The startup is betting on a retro reactor design, rapid manufacturing, and a sealed-steel approach to redefine nuclear energy’s future
Nuclear’s Renaissance: Why Now?
After years on the fringe, nuclear energy is back in the spotlight—and Last Energy is one of the startups leading the charge.
- The company just closed a $100 million Series C led by the Astera Institute, with participation from AE Ventures, Gigafund, Woori Technology Investment, and others.
- The surge in data center energy demand and clean energy urgency is pushing investors and policymakers to reconsider nuclear as a scalable, carbon-free energy source.
“Everyone just comes to us saying, ‘Of course nuclear is key,’” says CEO Bret Kugelmass, reflecting on the shift in perception.
A Bold, Back-to-Basics Reactor Design
What sets Last Energy apart? Instead of starting from scratch, the company is reviving and re-engineering a proven reactor design—originally used in the NS Savannah, the world’s first nuclear-powered merchant ship.

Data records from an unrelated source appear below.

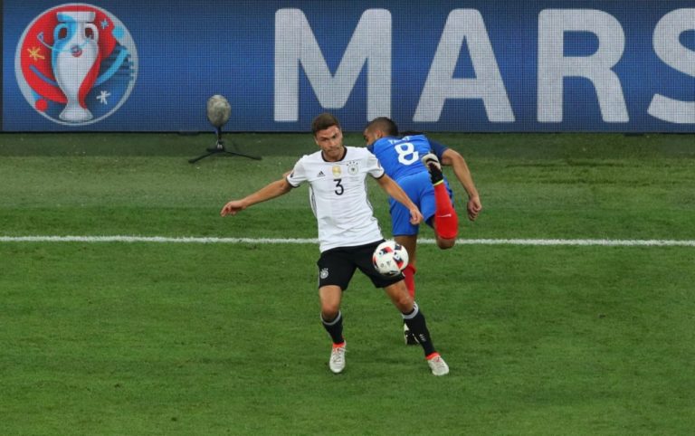 Nemecký obranca Jonas Hector v súboji s Francúzom Dimitrim Payetom počas semifinálového zápasu na majstrovstvách Európy. Marseille, 7. júl 2016. Foto: SITA/AP
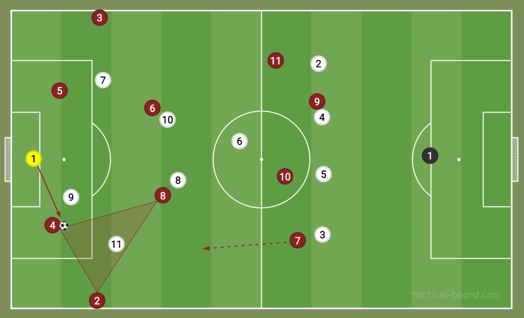 If the full-back holds his shape, the narrow positioning of the wide No.10 creates a desirable midfield box from which Villa can control the centre of the field. If the full-back tracks the run, this opens space for the near-side forward to run in behind. They’ll often notice this and play the ball straight to the full-back to make this long pass easier.
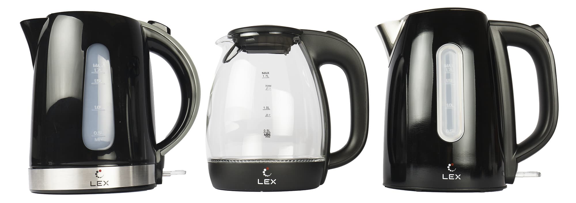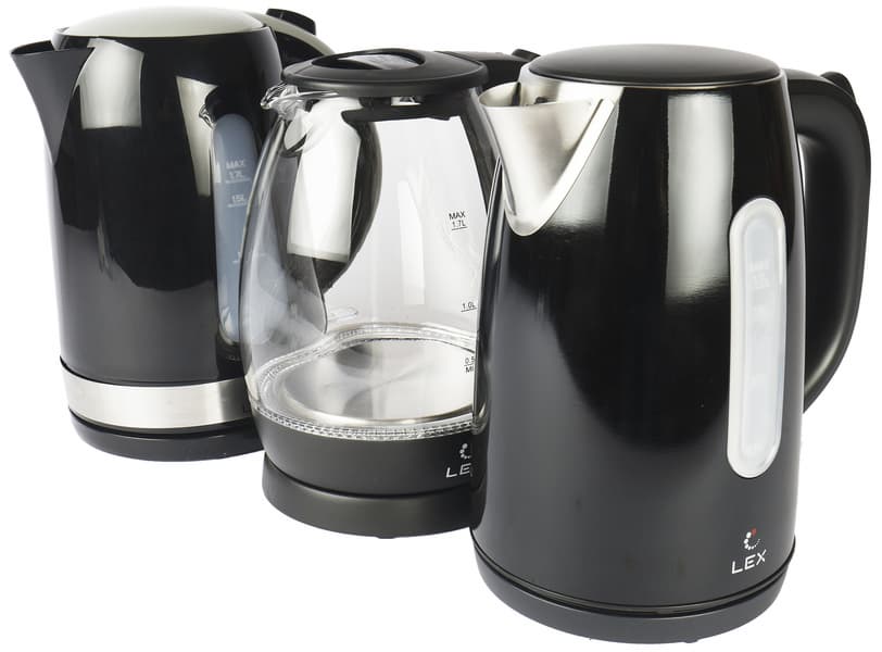 Три рассмотренных нами модели собраны на сходной элементной базе, у них простая конструкция и одинаковые технические характеристики. Разница только в материале корпуса: у Lex LX30028-2 он пластиковый, колба Lex LX3002-1 сделана из жаростойкого стекла, а емкость Lex LX30017-2 — из нержавеющей стали. Несущественные различия, проявившиеся в ходе лабораторных измерений, обусловлены разницей в выборе материалов и конструкции моделей.
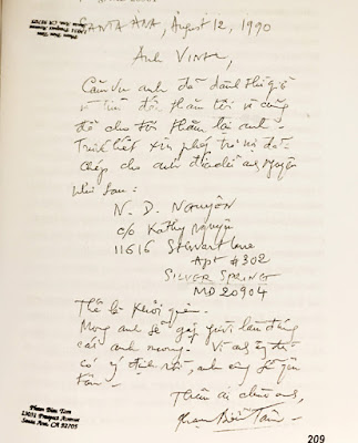[2] Santa Ana 12-8-1990. Anh Vinh, cảm ơn anh đã dành thì giờ và tìm đến thăm tôi và cũng để cho tôi thăm lại anh. Trước hết xin phép trả nợ đã. Chép cho anh địa chỉ anh Nguyên như sau:
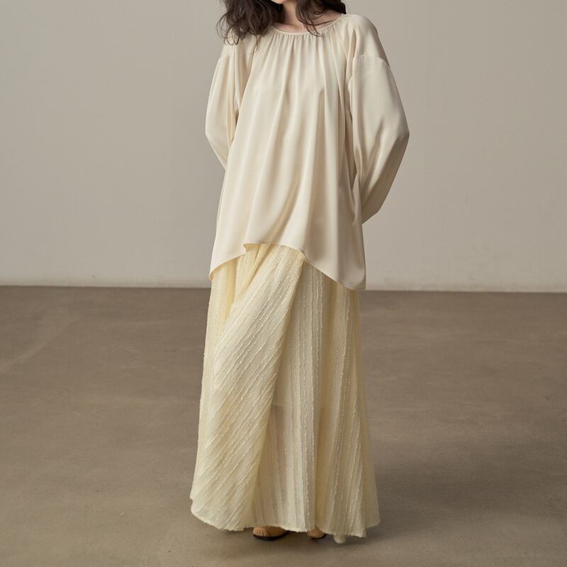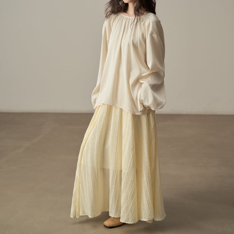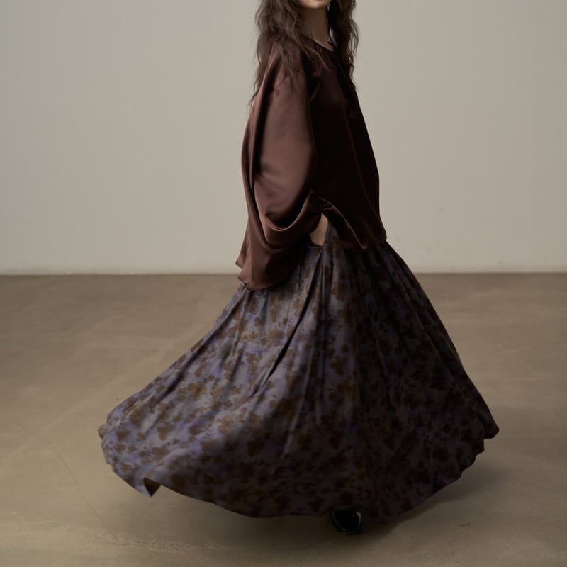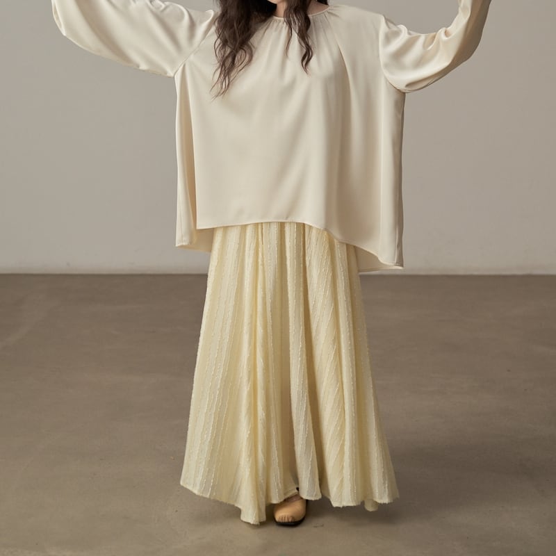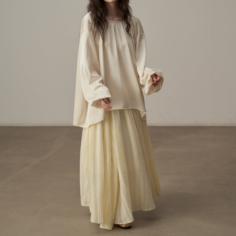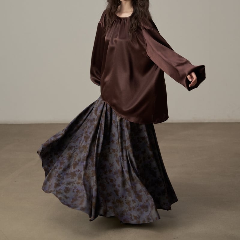 ゆったりとしたシルエットでリラックス感漂うツヤ感のあるブラウスです。
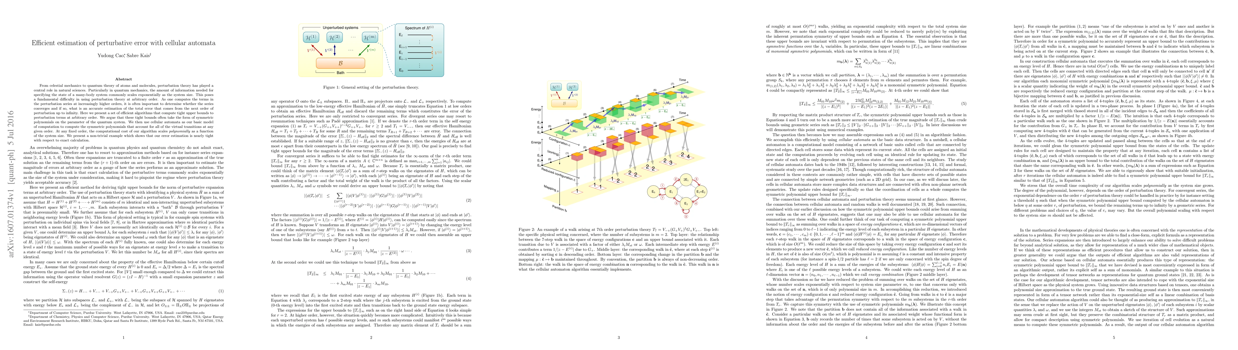 This paper introduces efficient algorithms for estimating perturbative errors in quantum mechanics, which often grow exponentially with system size. The algorithms compute tight upper bounds for perturbation terms as symmetric polynomials, using cellular automata for computation. The method scales polynomially with system size, demonstrated through a non-trivial example where the error estimation is nearly accurate.

- That ship’s power plant was one-tenth the size of Last Energy’s new reactor design.
- The startup has scaled and modernized the system to deliver 20 megawatts of electricity—enough to power 15,000 homes.
- The design is based on pressurized water reactor (PWR) tech, a decades-old standard in nuclear power.
By leveraging existing designs and focusing on manufacturability, Last Energy hopes to cut costs and accelerate deployment.
A New Approach: Steel, Not Concrete
Perhaps the most radical shift is the company’s decision to encase each reactor core in 1,000 tons of steel, not concrete.
- The sealed steel reactor is designed to never be serviced during its operational life—minimizing complexity and reducing long-term maintenance risks.
- The reactors arrive fully fueled with six years of uranium. After operating, the entire steel unit becomes a self-contained waste cask.
- Unlike traditional reactors, there are no penetrations through the steel shell, aside from electrical and control interfaces.
“Most people think concrete is cheaper,” Kugelmass said. “But not when it’s nuclear-grade concrete.”
This design reduces the need for on-site construction, one of the biggest sources of delays and cost overruns in traditional nuclear projects.
Building the First Units, Scaling for Thousands
Last Energy’s near-term goal is to build a 5-megawatt pilot reactor at Texas A&M, fully funded by the new raise.
- The pilot reactor is expected to come online in 2026, with the full 20-megawatt version slated for 2028 production.
- The long-term vision? Mass production. The company believes it can scale to thousands of units, with significant cost reductions following the kind of economies of scale seen in other tech sectors.
While Kugelmass won’t commit to exact pricing, he points to price compression trends in other industries—such as solar and semiconductors—where costs fall dramatically with scale.
“We don’t think in ones and twos,” he said. “We think in tens of thousands.”
Micro Reactors, Mega Potential
Last Energy joins a growing list of nuclear startups securing big checks:
- X-energy raised $700M (backed by Google).
- Aalo Atomics brought in $100M for its prototype.
- Antares raised $96M for its next-gen reactor design.
Yet while most nuclear startups chase advanced fission concepts, Last Energy’s strength lies in simplifying, not reinventing. It’s shipping proven tech, wrapped in modern engineering and AI-driven manufacturing workflows.
If successful, the company could make small nuclear reactors as scalable as shipping containers—deployable anywhere, affordable for industrial or grid use, and with zero-emission output.